Adapun secara istilah syar’i, menurut Abdul Majid Al-Jindani dalam karyanya Ilm al-Iman, kata iman memiliki beberapa pengertian:
Pertama, membenarkan, sebagaimana dinyatakan dalam firman Allah SwT dalam Surat Yusuf ayat 17 di atas. Dalam ayat yang lain, Al-Qur’an mengungkapkan iman dengan kata yaqin (keyajinan yang berdasarkan pada bukti), sebagaimana disebutkan dalam firman-Nya, Dan kepada akhirat, mereka meyakininya (Al-Baqarah [2]: 4). Membenarkan dan meyakini adalah perbuatan hati.
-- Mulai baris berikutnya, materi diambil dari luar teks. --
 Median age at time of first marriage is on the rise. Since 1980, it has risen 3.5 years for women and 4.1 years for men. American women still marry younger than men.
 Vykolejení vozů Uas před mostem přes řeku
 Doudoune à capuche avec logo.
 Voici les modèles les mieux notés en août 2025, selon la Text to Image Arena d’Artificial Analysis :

Sebagian para ulama mendefinisikan iman sebagai ucapan dan perbuatan, yang merupakan ungkapan hati. Iman dalam makna ini berlawanan dengan kufur yang berarti mengingkari dan mendustakan. Dan sebagian ulama berpendapat bahwa inilah satu-satunya makna iman.
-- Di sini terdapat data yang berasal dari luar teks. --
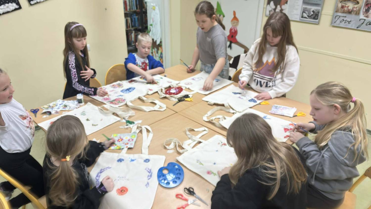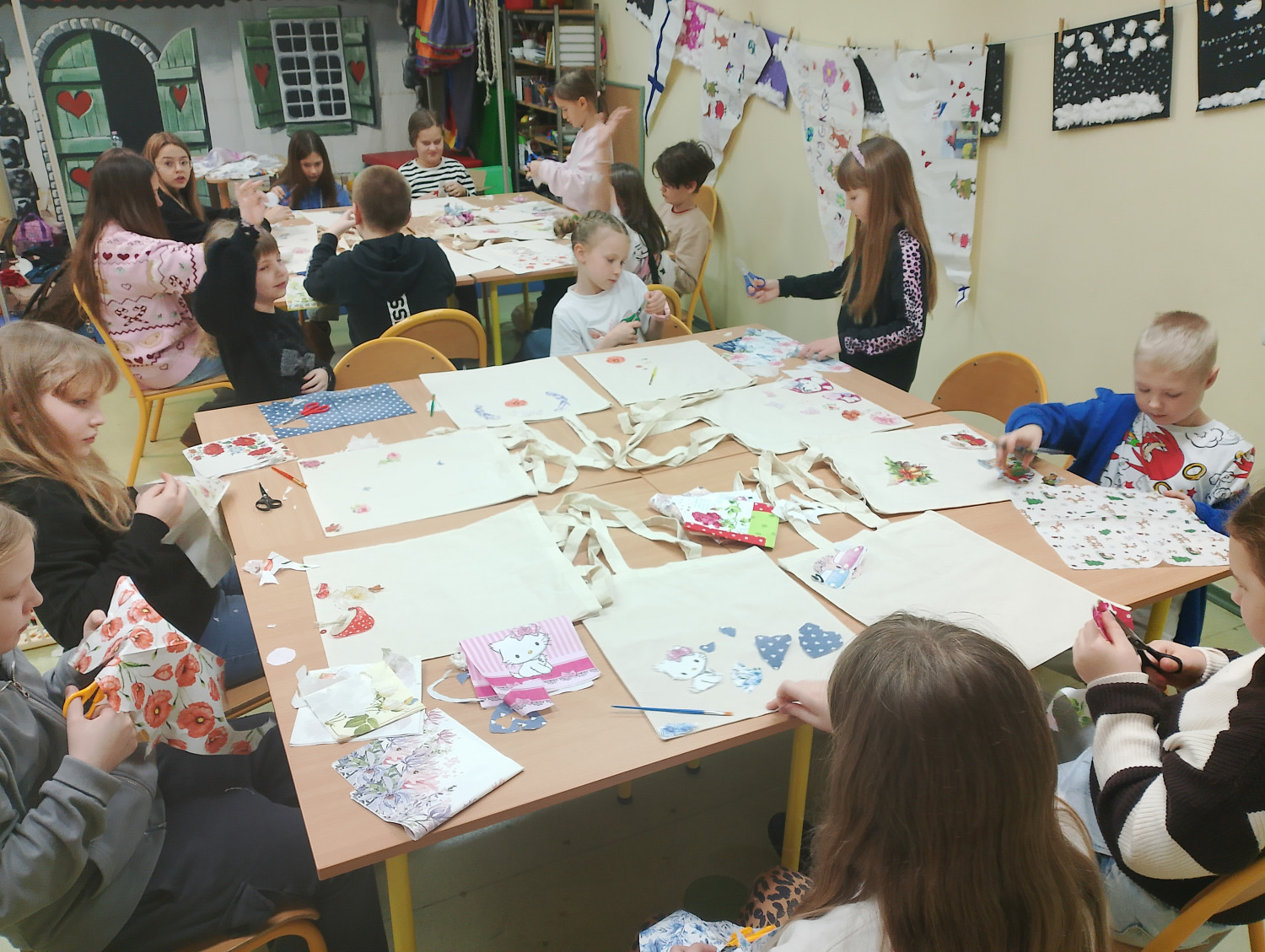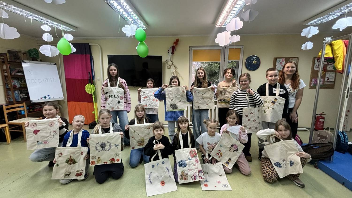 Podczas warsztatów decoupage dzieci zamieniły zwykłe bawełniane torby w prawdziwe, niepowtarzalne dzieła sztuki Było wycinanie, przyklejanie serwetek, dobieranie wzorów i kolorów — każda praca powstawała z ogromnym sercem i zaangażowaniem.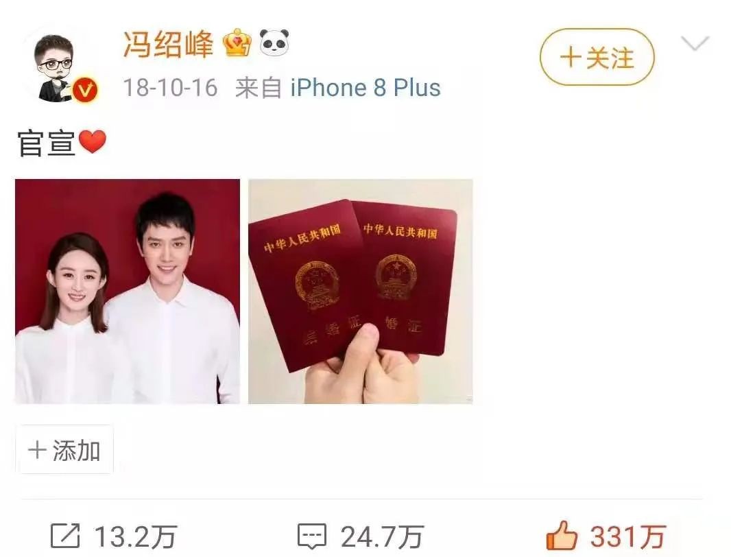 据说领证日期是冯绍峰定的,他决定给颖宝一个惊喜,特地选在了女方生日当天公布。

Kedua, mengikrarkan dengan lisan, sebagaimana dinyatakan dalam firman Allah SwT, Katakanlah:
قُلۡ هُوَ اللّٰهُ اَحَدٌ
اَللّٰهُ الصَّمَدُ
“Dia-lah Allah Yang Maha Esa. Allah adalah Tuhan tempat bergantung segala sesuatu.” (QS: Al-Ikhlas [112]: 1-2).
Makna ini juga disebutkan dalam sabda Rasulullah ﷺ, “Aku diperintahkan untuk memerangi manusia sampai mereka mengatakan tiada Tuhan selain Allah. ” (HR. Bukhari, Muslim, Turmudzi, Nasa’i, dan Abu Dawud).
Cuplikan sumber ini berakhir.